3-10-24
Real talk. I’m scared to be happy.
Today was a good day. I started to feel my bubbly enthusiasm I used to have.
And it scared me. My reflex was, no, that’s too much, calm down. Don’t feel that.
It won’t last.
It’ll hurt.
And the truth is, it won’t last forever, because happiness is an emotion. That’s normal.
Joy is a state we can live in based on things that don’t change. I can always be joyful our God is gracious and I am His daughter. But that doesn’t mean I will always be happy.
This past year has been very hard for me and my family. We’ve had life events. Health scares. My husband and I are in the process of moving.
It’s all working together for good, and I’m happy with where we’re headed. But there were times, lots of them, when just holding it together was the goal, and I wasn’t sure I could do it.
After living in that state of mind for so long, happiness feels scary. There were times that I enjoyed even when life was hard. But to just be happy because life felt good? To feel the childlike urge to smile for no reason? It’s been a while.

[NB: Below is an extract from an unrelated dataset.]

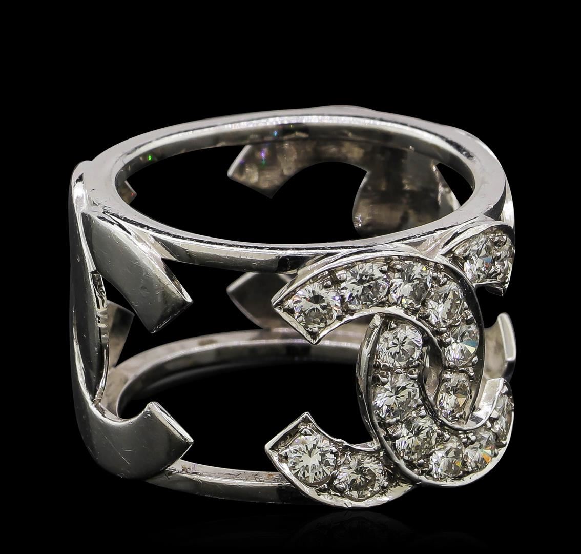 One electronically tested 18KT white gold lady's cast fashion ring with a double shank with a bright polish finish. The featured lady's ring contains three interlocking 'C' motifs and has a double shank measuring 12.71 millimeters wide. Identified with markings of '750'. Condition is used, good workmanship. Containing: Sixteen bead set round brilliant cut diamonds, measuring 2.35 - 2.25 x 1.40mm (depth est.) approximate total weight of 16 Stones = 0.75ct. Graded in the setting. Clarity VS-2 to SI-1. Color: G - H Cut Good. Total Weight of Diamonds 0.75ct.. Total Weight of Ring 6.80gm. GAS Appraised at $3,490.00.

I know in my head that being happy doesn’t mean it’s my fault when the next challenge comes. I know it’s not punishment. But it feels that way.
I’m working on retraining my brain. Because I want to be joyful. And I want to be happy.
So today, I’m going to smile because of the singing in church. Because the daffodils (or Easter lilies around here) are blooming. Because the sky is beautiful. Because I got to eat chicken pot pie with my mother and my grandmother. Because my husband and I are planning for our new house.
Today I smile. And if tomorrow life fights back, that’s okay. I will too.
I thought, just maybe, somebody else feels that way too. So if you do, then I’m praying for you and cheering you on. And if you feel a little less alone in it, then I’m glad. We can be there together.